Two bobs on rigid massless rods, both swinging under gravity, with the lower bob pinned to the end of the upper rod. The Lagrangian gives coupled velocity-dependent equations of motion; the qualitative behavior ranges from quasi-periodic at low energy to fully chaotic above the lowest saddle in the potential. Drag a bob to set its initial angle; double-click the canvas to zero out velocities.

Figure 1. Planar double pendulum integrated with velocity-Verlet plus a predictor-corrector for the qdot-dependent Christoffel terms (physics dt = 1 ms). Method: `shared/js/engine/symplectic.js`.
m1 1.0 kg
m2 1.0 kg
l1 1.00 m
l2 1.00 m
release 166°
pendulums 18

WHAT TO TRY

  • Watch the coloured spray: a thousandth of a radian apart at the start, the pendulums fan out completely within seconds and trace wildly different paths.

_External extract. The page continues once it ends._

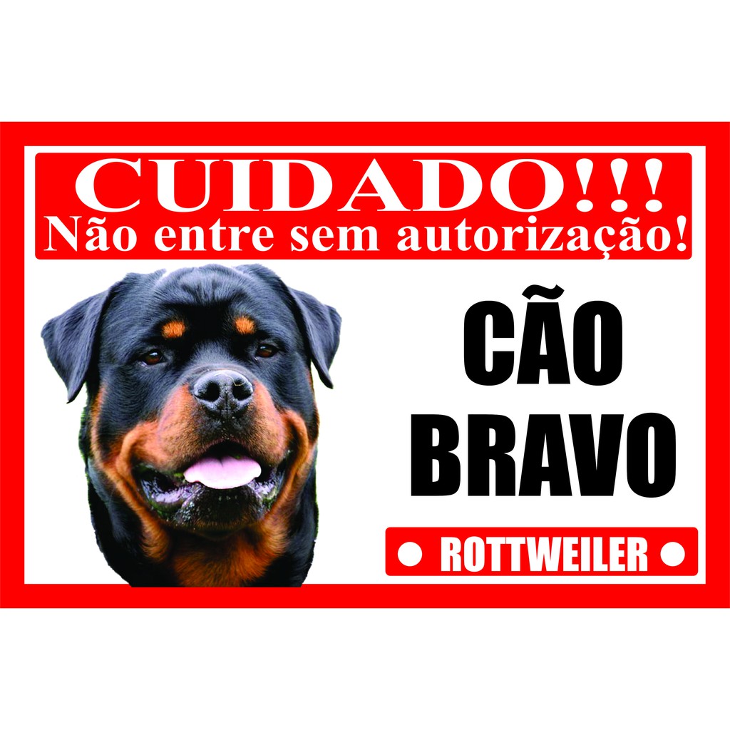 Placa Cuidado Cão Bravo Rottweiler Tamanho 20 x 30 cm modelo 006 - Fabricação Própria

That is chaos, sensitive dependence on the start.
  • The lower plot is the separation between them on a log axis. The straight climb is exponential blow-up; the dashed line is the fit and its slope is the Lyapunov exponent (the readout shows how often the separation doubles).
  • Add more pendulums for a denser, more beautiful fan, and use the release slider to set a gentle low angle: the motion turns regular, the spray collapses to one curve, and the divergence plot reports no blow-up. Chaos only switches on once you raise the arms.